For a long time, SEOs have relied on Google's cached version of pages to answer questions such as Did Google crawl this page? When? Can the bot see the content? etc. However, this feature (if used) must be used with caution and here's why.

According to Google, "Cached links show you what a webpage looked like the last time Google visited it." Unfortunately, this statement is not true, or at least it's incomplete.

Below is a screenshot of Google's cached version of a webpage. It gives us three different pieces of information: the URL that has been cached, when, and a snapshot. You can also see the HTML source code that was cached by clicking "View source".

However, none of this information is reliable, relevant or even useful.

The URL

When accessing the cached version of a page, Google may return a cached page, but not the one you requested.

Google only caches "indexable" pages. Non-indexable pages are usually URLs that have a noindex tag, redirect to another URL, have a non-self-referencing canonical tag, and/or are judged as a soft 404 or duplicate content. Things get complicated when the canonicalized URL is noindex.

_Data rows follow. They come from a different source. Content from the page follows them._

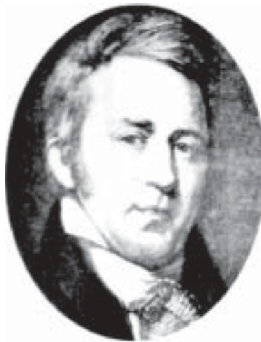
Capt. William Clark

Across the divide of nearly two centuries, it reminds us of what we as a people are capable of - for good or ill.
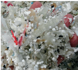
Fiber free rejects

Coarse stock cleaning of low density debris
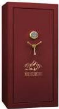
** Burglary resistance safe
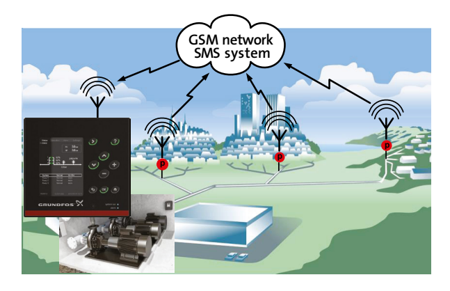
Figure 5: The Demand Driven Distribution controller connected to network pressure sensors via the GSM network allows control of the pumps in accordance with the logger data via a smart adaptive control algorithm

Demand Driven Distribution measures the pressure in the network using a number of battery-driven data loggers that transmit the measured and logged values to the Demand Driven Distribution controller via the GSM network, using just one SMS text message pr. sensor a day. The measured data are then used in a smart adaptive control approach that controls the pumping station, keeping the pressure in the network at the desired value, without troublesome analysis and re-configurations of the system to obtain proper operation.
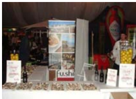
The fu.shi stand at the Knysna Oyster Festival

fu.shi fusion cuisine, BoMa terrace, Chef's bar The Upper Deck lifestyle centre 3 Strand Street, Plettenberg bay Tel: 044 533 6489/6497
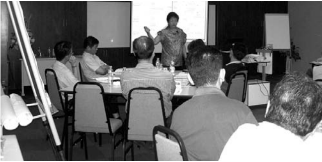
Strategic Balanced Scorecards Formulation & Facilitation Workshop, CeDR, 23 Feb 2013
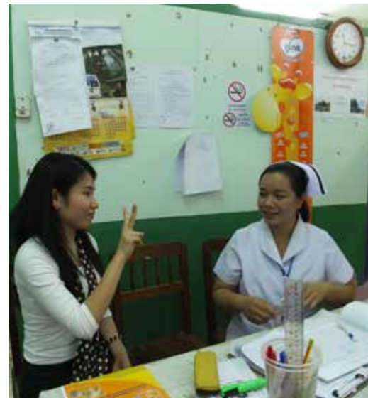
A nurse communicating with a deaf person

In addition to sign language training, AFD has been striving to revise the “First Lao Sign Language and Culture Booklet” published in 2011, to provide more opportunities for health professionals and other stakeholders to access information related to deafness.

For example, Moz's UGC category pages have canonical tags pointing to their Main Blog equivalent URLs. Thanks to those tags, /ugc/category/ URLs are not indexed (they used to be), they do not rank and, hopefully, any equity (or PageRank) is transfered to the /blog/category/ URLs.
However, those UGC URLs exist, they are accessible, and they render. Googlebot crawls them but because they are not indexable, they are not cached. Therefore, as shown in the screenshot below, when accessing the cached version of a Moz's /ugc/category/ URL, you get the cached version of the /blog/category/ page.

Another example is a page we published on TechnicalSEO.com. The page explains what the 404 status code is and what are soft 404s. Because of the verbiage in the copy, this particular page is considered as a soft 404 by Googlebot. Result? The page is not indexed and Google has not cached it.

If for some reason, a page is "not indexable", it's likely that it won't be cached so you won't get any data from Google's cache. You will get data for the more authoritative URL (in the case of redirect, canonical or duplicate content) or nothing at all (in the case of soft 404 or noindex tag). However, it doesn't mean that the page has not been crawled.

Note: For a minute I asked myself, "What if the absence of information is actually valuable insight? Why the page isn't cached? Why is it not indexable? How can we gather and leverage this information from Google's cache?" Then two things quickly came to my mind:

Accessing Google's cache is not scalable (not without violating Google's terms of services by sending automated traffic to Google.com). It has to be done manually, page by page.

Affordable tools exist out there, such as ScreamingFrog SEO Spider or Oncrawl that can, at scale, tell you if pages are blocked by robots.txt, redirect, have noindex tags, non-self-referencing canonical tags, etc. And Google Search Console reports URLs that are considered as soft 404s.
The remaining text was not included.